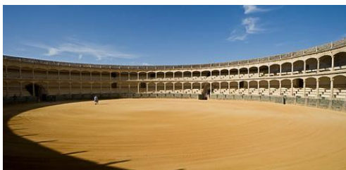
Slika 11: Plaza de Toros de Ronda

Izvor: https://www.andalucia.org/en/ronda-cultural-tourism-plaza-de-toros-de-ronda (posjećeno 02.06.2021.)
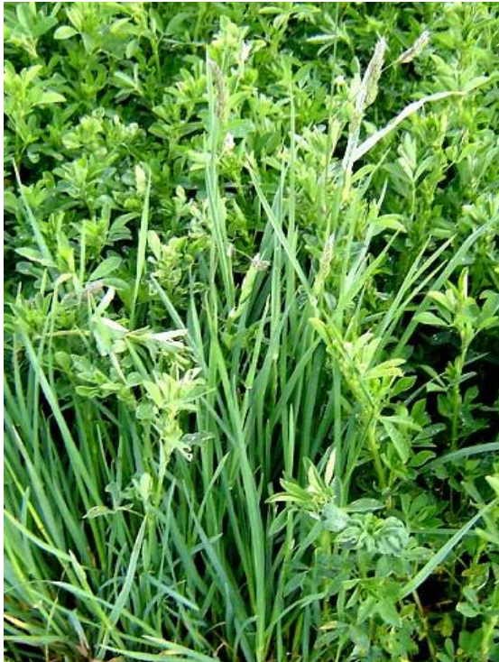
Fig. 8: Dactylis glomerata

════════════════

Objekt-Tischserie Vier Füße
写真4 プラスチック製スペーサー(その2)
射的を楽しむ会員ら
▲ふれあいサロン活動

════════════════

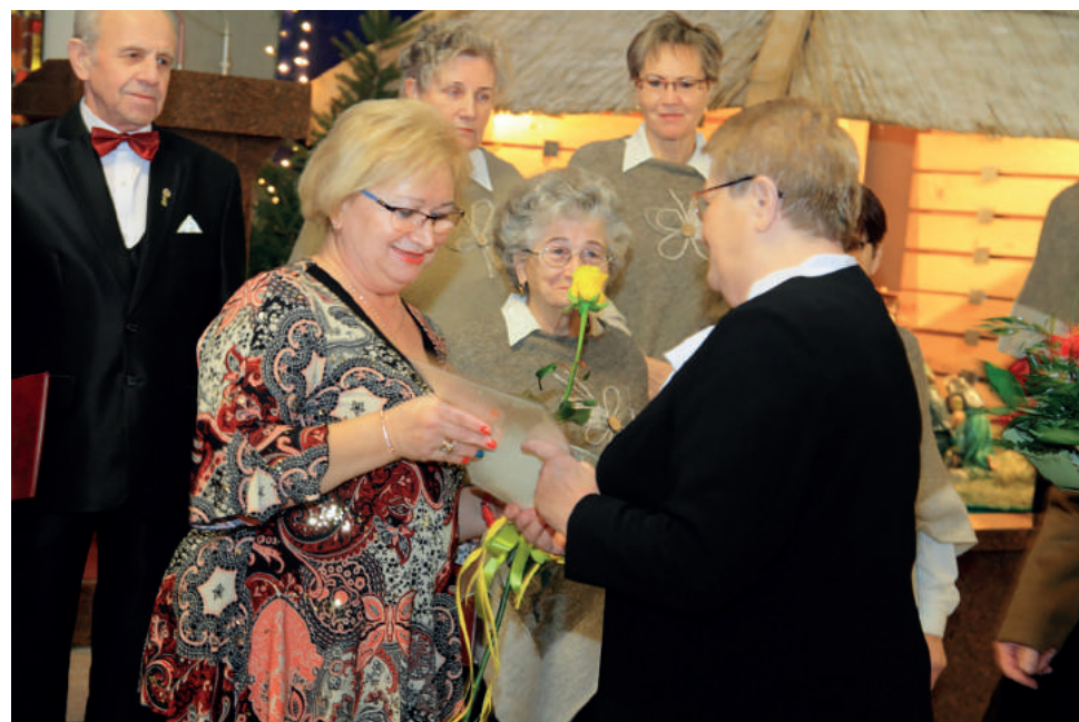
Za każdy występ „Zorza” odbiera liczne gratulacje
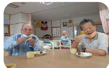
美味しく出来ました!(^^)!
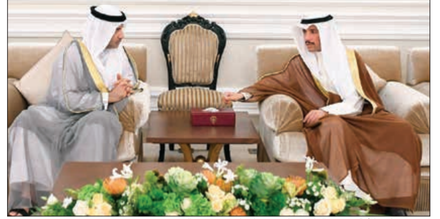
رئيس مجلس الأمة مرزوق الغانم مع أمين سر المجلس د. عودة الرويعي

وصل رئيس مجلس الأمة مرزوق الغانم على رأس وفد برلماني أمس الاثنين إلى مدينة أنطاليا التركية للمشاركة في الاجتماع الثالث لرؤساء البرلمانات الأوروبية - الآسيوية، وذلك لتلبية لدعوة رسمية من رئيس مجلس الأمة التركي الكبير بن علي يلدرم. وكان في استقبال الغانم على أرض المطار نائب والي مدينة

════════════════

» **Task**
Show all lines above containing "رئيس".

» **Task output**
رئيس مجلس الأمة مرزوق الغانم مع أمين سر المجلس د. عودة الرويعي
وصل رئيس مجلس الأمة مرزوق الغانم على رأس وفد برلماني أمس الاثنين إلى مدينة أنطاليا التركية للمشاركة في الاجتماع الثالث لرؤساء البرلمانات الأوروبية - الآسيوية، وذلك لتلبية لدعوة رسمية من رئيس مجلس الأمة التركي الكبير بن علي يلدرم. وكان في استقبال الغانم على أرض المطار نائب والي مدينة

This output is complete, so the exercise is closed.